A l’arrêt sous cet arbre, enregistrant, je repensais à ce moment passé avec le petit homme au casier bien trop plein, cette conversation que nous avions eue deux semaines plus tôt dans la prison. Voilà plus d’un an qu’on travaille ensemble, on commence à se connaître un peu. Mais une année, à partager des projets, n’est rien comparée à sa peine. Il a tant de raisons d’être là, ce petit homme dur et souriant, ce bloc de nerfs tenus, entretenus, au regard d’enfant. Comme on dit : il a pris des années. S’il va au bout, il lui reste plus que mon âge à tenir enfermé.

Sous cette nuée d’oiseaux, je repensais à l’image qu’il nous a livré à sa manière, franche, brutale. Il a dit ma condamnation c’était mon enterrement — et je n’ai pas compris. Je riais mais tous me regardaient en pleurant. Mon frère m’a dit mais tu es fou, tu ne comprends donc pas. Je ne comprenais rien mais maintenant j’ai compris — je vis ma mort.

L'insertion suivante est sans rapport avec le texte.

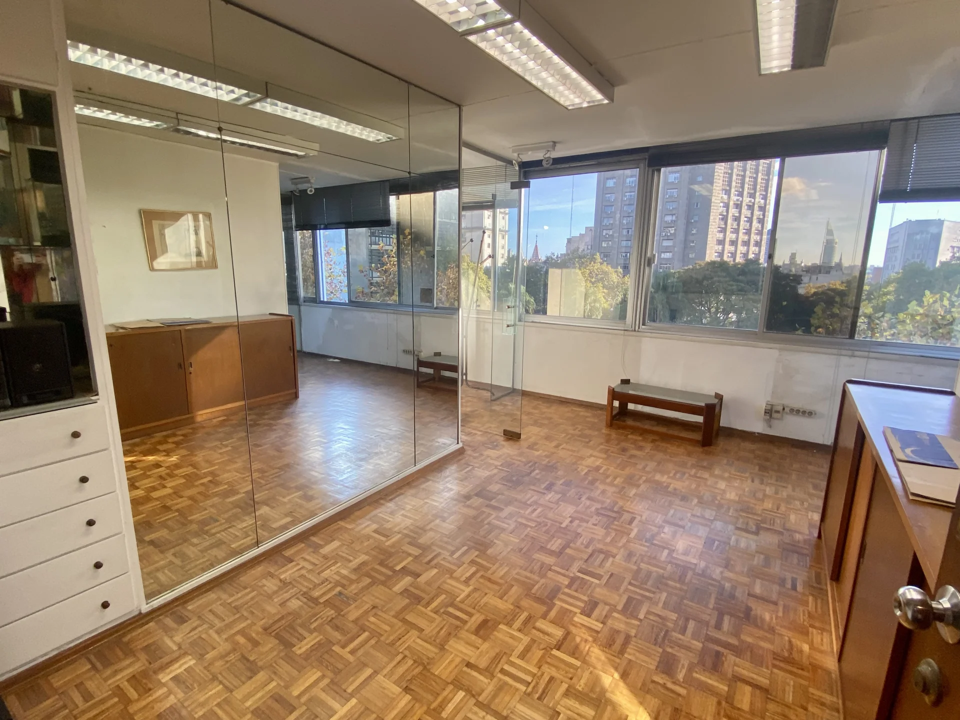 Oficina en alquiler ubicado en la zona de Plaza Entrevero, en el Centro, con acceso cercano a servicios y transportes. La unidad cuenta con tres ambientes bien ventilados e iluminados por amplios ventanales a lo largo de todos los esLa oficina ofrece pisos de parquet lustrado en todos los ambientes, y una kitchenette equipada con varios muebles de guardado. Dispone de un baño completo renovado recientemente, con terminaciones actuales.

Dehors ils vivent, ma femme, mes enfants, mais je ne peux les toucher. Tu sais comme dans les films. Je les vois, les survole, mais ils ne me voient pas. Ils pensent à moi mais ils vont m’oublier. Mon aîné, au début, il venait toutes les semaines au parloir. Il ne vient presque plus. Comme au cimetière, le temps passant, on n’y vient plus. Je suis devenu un fantôme.

J’étais dans ce jardin tout au nord. Le vent léger promenait des échos de travaux. Un homme passait en silence suivant son grand chien noir. Les corbeaux des pelouses semblaient jalouser ces oiseaux perchés haut, qu’on savait là, sans pouvoir les toucher ni les voir. Il y avait en dedans, bien au chaud, ceux que j’aime, laissés loin en confiance, pour mieux les retrouver. Ces chants plus proches, presque palpables. Il y avait, comme une rengaine, ces chiens de garde qu’on ignore, faute d’y avoir affaire, mais qui aboient toujours. J’allais rentrer et je pensais au petit homme.

On se rêve tout puissant, on voudrait tout prévoir. On envie, à défaut, l’énergique inconscience des oiseaux migrateurs. Tenir un programme simple, réglé, que dictent les saisons. Suivre la bonne route, au bon moment. Mais si souvent nous manquent attention, savoir, langage, lucidité, compréhension, rêverie, temps, et l’on s’aveugle si vite.